– А что, интересно, говорит ей Биттори?
– Да какая разница. Ведь бедная Аранча все равно ничего не соображает…
Поначалу свидания были совсем короткими. Насколько короткими? По нескольку минут. Обмен поцелуями, недолгий разговор с помощью айпэда, поцелуи при прощаньи. В барах, у дверей магазинов, в амбулатории и на автобусной остановке люди судили и рядили: очень, мол, все это странно, если Аранча не хочет видеть эту женщину, то зачем позволяет каждый день привозить себя на одно и то же место?
– А может, ее сиделка заставляет?
– Ну, это уж вряд ли.
Встречи с каждым разом становились все длиннее. На лицах у обеих светились улыбки, и они явно радовались друг другу, а Селесте просто молча стояла сзади за инвалидной коляской. Их было видно издалека. Хошиану то и дело сообщали об этом, а Мирен наседала на мужа с жалобами и сетованиями, но ему было все равно. Как это все равно? Он резко отвечал, что:
– Если это доставляет моей дочери удовольствие, зачем ее удовольствия лишать? А люди пусть себе пялятся и болтают, хрен с ними. Кому от этого плохо?
Мирен исходила злобой:
– Дурак ты.
И пошла, и пошла… Но прежде распахнула окно, чтобы все слышали, чтобы все знали, как ее предали, как оставили одну-одинешеньку. Временами на нее накатывали приступы ярости – она срывала с себя фартук и, прежде накричавшись как следует, спешила в мясную лавку. Уходила из дому решительным шагом, хлопнув дверью, чтобы излить душу перед Хуани, которая сегодня советовала ей одно, а завтра совсем другое. У нее всегда были печально сдвинуты брови – из-за сына, который то ли сам убил себя, то ли был убит, – и еще из-за мужа, который умер от рака, от опухоли, такой же большой, как его горе. А потом кто-то будет говорить, что у других были жертвы, а у них нет.

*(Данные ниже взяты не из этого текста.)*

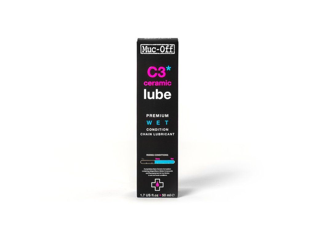 Muc-Off C3 Ceramic Lube je mazivo, které vás uvádí do budoucnosti. Jeho patentované složení dosahuje neuvěřitelného poměru odolnosti a velmi nízké frikce. Sloučenina nitridu boritého má totiž strukturu grafitu a společně s diamantem patří v současné době k nejtvrdším známým látkám. Odolnost C3 je dále vylepšena fluoropolymery.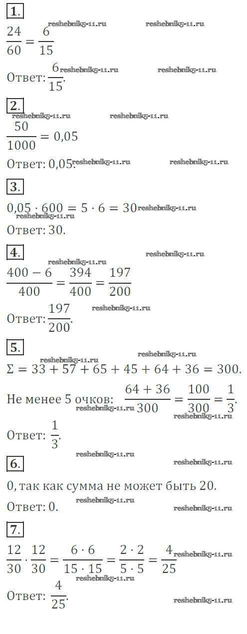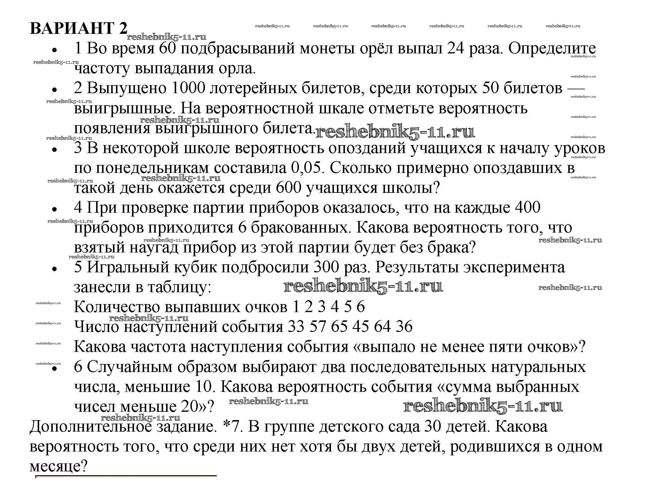 Готовая домашняя работа с ответами по Алгебре за 7 класс Кузнецова, Минаева, Рослова, Суворова Контрольные работы Просвещение 2018 ФГОС - Контрольная работа №9. Частота и вероятность Вариант 2

В одном пункте подруги всегда сходились:
– Теперь, когда нет больше ЭТА, идешь по улице словно голая. Никто нас уже не защищает.

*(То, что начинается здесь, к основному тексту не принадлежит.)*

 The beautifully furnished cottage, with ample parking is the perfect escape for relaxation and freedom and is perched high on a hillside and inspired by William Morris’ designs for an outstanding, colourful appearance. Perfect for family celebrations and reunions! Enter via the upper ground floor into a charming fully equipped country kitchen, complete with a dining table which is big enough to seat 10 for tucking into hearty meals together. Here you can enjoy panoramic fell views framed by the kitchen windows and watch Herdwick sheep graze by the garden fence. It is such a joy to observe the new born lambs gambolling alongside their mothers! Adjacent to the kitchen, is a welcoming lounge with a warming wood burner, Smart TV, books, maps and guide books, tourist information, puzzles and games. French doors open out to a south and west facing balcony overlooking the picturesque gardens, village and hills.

Все попытки Мирен помешать дочери встречаться с Чокнутой ни к чему не привели. Если Мирен начинала вопить, кончалось это плохо. Если подступала с угрозами, не лучше. Если старалась показать, до какой степени обижена, оскорблена, огорчена, – то же самое. Что бы она ни сказала, Аранча выходила из себя. Писала в ответ на своем айпэде всякие жестокие слова, нервничала, отказывалась есть, переворачивала тарелку, выплевывала еду.

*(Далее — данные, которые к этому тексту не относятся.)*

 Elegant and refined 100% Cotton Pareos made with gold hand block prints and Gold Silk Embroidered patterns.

– Господи, ну и характер у тебя! Как же с тобой трудно.
Пытаясь проявить строгость и даже нагнать страху, Мирен попробовала воздействовать на Селесте, без чьей помощи в этом деле Аранча обойтись просто не могла бы, ведь сама-то она хрена с два куда уйдет. И вот, когда Аранча уже собиралась отправиться на прогулку, Мирен позвала Селесте к себе на кухню: надо поговорить. Но тут нельзя не пояснить, что эта вежливая/послушная сиделка, эта безропотная женщина, милая уроженка Анд, воплощение старания и услужливости, говорить умела лучше любого архиепископа, несмотря на скудное образование. Так вот, на сей раз Селесте почти что взбунтовалась:
– Сеньора Мирен, если вас не устраивает моя работа, вам придется впредь обходиться без меня. Я полюбила Аранчу и полагаю, что должна делать все для ее блага. У меня просто душа разрывается на части, когда Аранча сердится или грустит.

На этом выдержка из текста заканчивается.